Samichlaus lives in a forest with his helper Schmutzli. They leave the forest with a donkey carrying bags full of peanuts, walnuts, and mandarins for kids. Usually, they arrive at a village on the Sunday night before Santa Day, December 6th.
My first Santa welcoming was last year, in the Städtli of Greifensee, a charming little old town by the lake. It was a very cold night and the plaza in front of an ivy covered mid-evil castle was packed with families and baby strollers. The parents were queuing for a cup of Glühwein (mulled wine), while their kids enjoyed free hot syrup with free refills (about the only free drinks available in Switzerland, right?).
As the old church bells played, a huge wooden carriage arrived with tinkling of gold bells pulled by four horses galloping on the cobblestone. Peeking through tall parents with kids on their shoulders, I did not miss the historical moment: Samichlaus, the Swiss Santa, was there in a red hood getting off the carriage, followed by Schmutzli in a brown coat!
Yay! I have finally spotted Samichlaus!
Oh, wait! Another pair of Samichlaus and Schmutzli? Hum? Wow, the third pair?

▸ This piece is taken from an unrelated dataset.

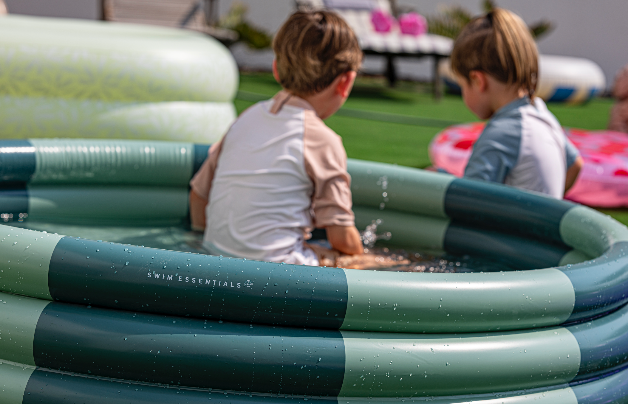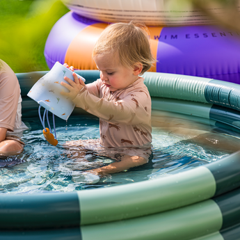 Round inflatable children's pool for parents and caregivers of kids aged 3+. Features 3-ring design in durable PVC (EN-71 tested) for summer play, plus lightweight setup/storage and a repair patch for peace of mind.
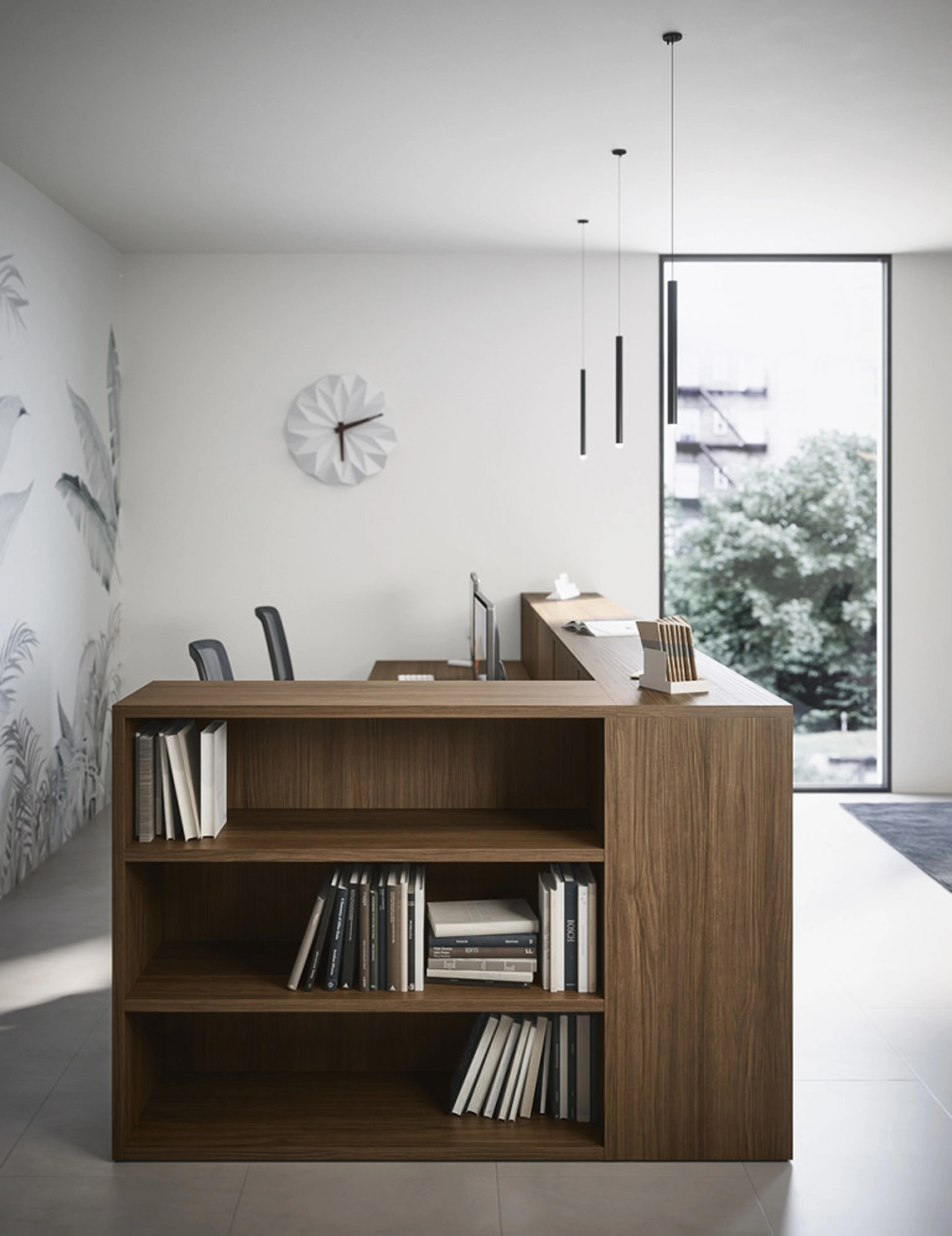 Bancone Reception 14B di Cinquanta3: su misura per completare gliambienti di lavoro assicurando l'agio di chi ci lavora, con un certo stile. Oggigiorno l’Arredo Ufficio deve agevolare le esigenze di praticità e comfort per chi lavora, quelle di accoglienza e serietà innanzitutto per i clienti. Materiali durevoli, un certo stile e linee ben studiate connotano la ricca serie di arredi per gliambienti lavorativi del marchio Cinquanta3. Il rinomato marchio si muove sempre al passo con le necessità di ciascuno, infatti offre a catalogo ogni sorta di Arredo Ufficio in melaminico.

Ah... Here comes the forth... and the fifth!? There were no less than seven Santas in this little town! Is this the North Pole of Switzerland, or what? I turned my head to my Swiss husband for explanation. He calmly looked into my puzzled eyes and said, "There are many forests in Switzerland." So, there are as many Samichlaus and Schmutzli as there are forests...
Now, that also explains why dozens of pairs of Santas and Schmutzli parade through Zürich's downtown every year. It was actually a bit horrific to watch the sea of red riding hoods accompanied with men wearing long curly black beards on dark, painted faces...
A year later, I noticed several signs of American winter spirit spreading during the simple, modest Swiss holiday season. More balconies and windows are decorated with bright electric lights, even in reindeer, angel, or star shapes.
Some gardens are invaded by plastic Santas and Frosty the Snowman statues:
The Christmas sections at Obi and Jumbo hardware stores are just as jolly as their American equivalents at Lowe's and Home Depot.
(Photographs copyright fotofreak.ch)
Even the Samichlaus Arrival Night has changed: Instead of the traditional, all red hooded cape, many Santas nowadays wear American Santa hats with the bonbon ball tip. In fact, the Santa hat and suites were commercially created by Coca Cola.
The other day, I was pretty shocked to see a Swiss Samichlaus with an American Santa suit sporting a black belt at Volkiland, a small shopping mall. A true Newly Swissed moment.